(Study material)

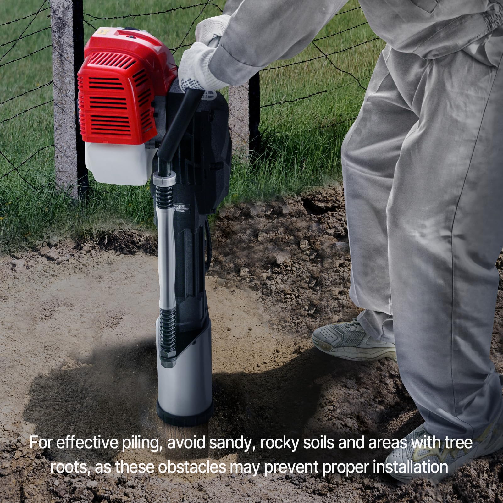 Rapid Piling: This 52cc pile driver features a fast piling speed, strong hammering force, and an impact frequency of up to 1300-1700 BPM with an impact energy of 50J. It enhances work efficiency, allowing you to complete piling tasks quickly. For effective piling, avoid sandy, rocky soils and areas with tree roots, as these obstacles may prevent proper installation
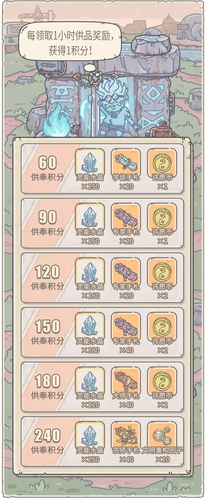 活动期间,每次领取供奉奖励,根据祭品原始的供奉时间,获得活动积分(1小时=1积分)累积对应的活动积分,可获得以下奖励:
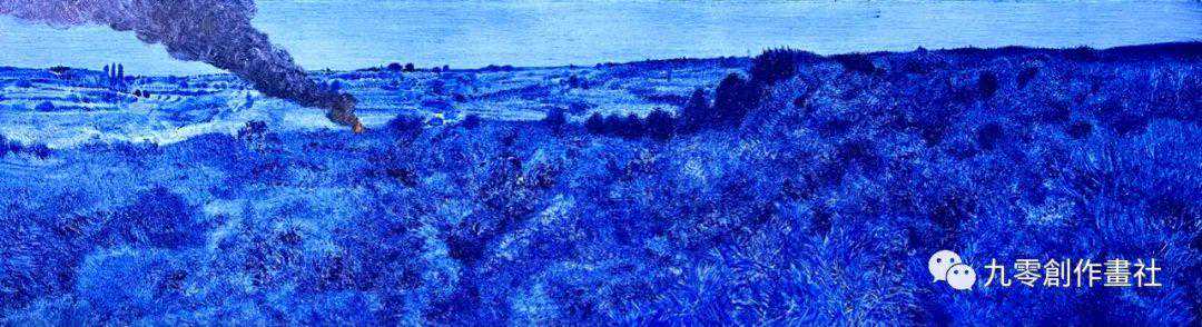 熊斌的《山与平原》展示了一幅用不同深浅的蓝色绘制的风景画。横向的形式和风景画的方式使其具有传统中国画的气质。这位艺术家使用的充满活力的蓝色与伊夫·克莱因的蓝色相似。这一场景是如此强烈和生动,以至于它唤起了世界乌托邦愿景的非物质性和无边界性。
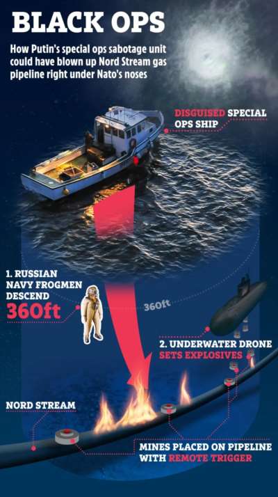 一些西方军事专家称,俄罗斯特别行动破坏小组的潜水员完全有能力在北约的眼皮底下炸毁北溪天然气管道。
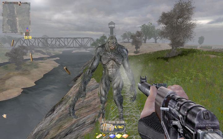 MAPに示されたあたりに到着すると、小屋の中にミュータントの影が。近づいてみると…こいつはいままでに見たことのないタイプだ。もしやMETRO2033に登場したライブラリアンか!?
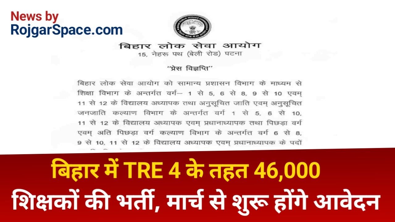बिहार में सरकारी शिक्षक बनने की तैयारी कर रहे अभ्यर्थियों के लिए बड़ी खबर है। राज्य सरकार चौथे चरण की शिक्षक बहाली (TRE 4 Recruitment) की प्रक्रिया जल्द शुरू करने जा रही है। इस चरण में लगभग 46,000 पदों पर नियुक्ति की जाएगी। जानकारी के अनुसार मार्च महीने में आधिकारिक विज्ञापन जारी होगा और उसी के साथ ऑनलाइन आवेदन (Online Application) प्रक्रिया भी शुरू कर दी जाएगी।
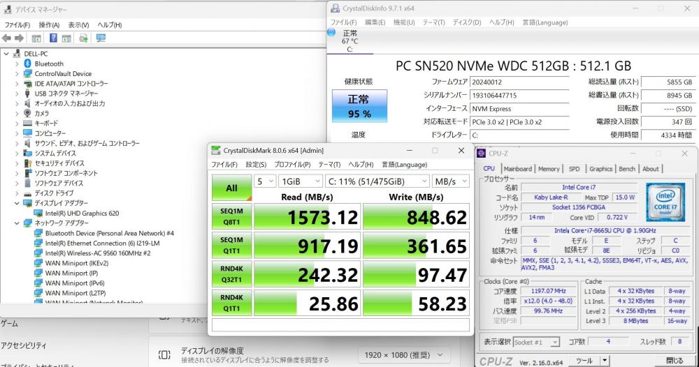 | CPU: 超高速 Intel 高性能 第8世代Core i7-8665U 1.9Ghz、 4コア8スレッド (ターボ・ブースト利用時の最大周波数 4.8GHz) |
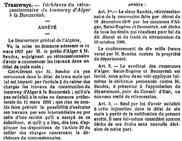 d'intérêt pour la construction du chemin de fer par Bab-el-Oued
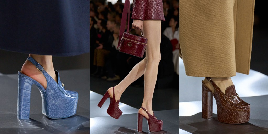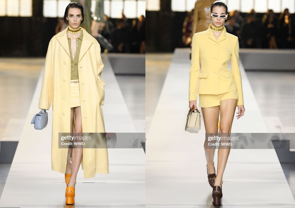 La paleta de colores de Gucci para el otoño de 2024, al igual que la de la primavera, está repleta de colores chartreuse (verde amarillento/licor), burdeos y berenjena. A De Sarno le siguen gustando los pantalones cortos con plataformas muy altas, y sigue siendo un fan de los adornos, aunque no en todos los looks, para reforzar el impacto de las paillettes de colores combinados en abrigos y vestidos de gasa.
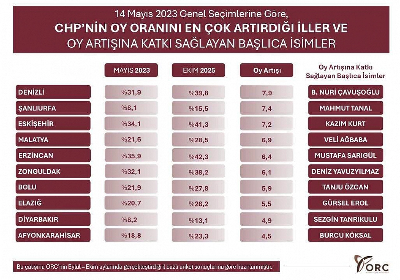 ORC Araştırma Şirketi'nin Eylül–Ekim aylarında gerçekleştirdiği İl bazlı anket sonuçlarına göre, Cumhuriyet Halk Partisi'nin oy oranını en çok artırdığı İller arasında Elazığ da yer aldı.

(End Study material)

Look above for the line with "熊斌的《山与平原》展示了一幅", then print it and each line after it down to and including the line with "MAPに示されたあたりに到着". Leave out the pictures and keep the wording exact.

 熊斌的《山与平原》展示了一幅用不同深浅的蓝色绘制的风景画。横向的形式和风景画的方式使其具有传统中国画的气质。这位艺术家使用的充满活力的蓝色与伊夫·克莱因的蓝色相似。这一场景是如此强烈和生动,以至于它唤起了世界乌托邦愿景的非物质性和无边界性。
 一些西方军事专家称,俄罗斯特别行动破坏小组的潜水员完全有能力在北约的眼皮底下炸毁北溪天然气管道。
 MAPに示されたあたりに到着すると、小屋の中にミュータントの影が。近づいてみると…こいつはいままでに見たことのないタイプだ。もしやMETRO2033に登場したライブラリアンか!?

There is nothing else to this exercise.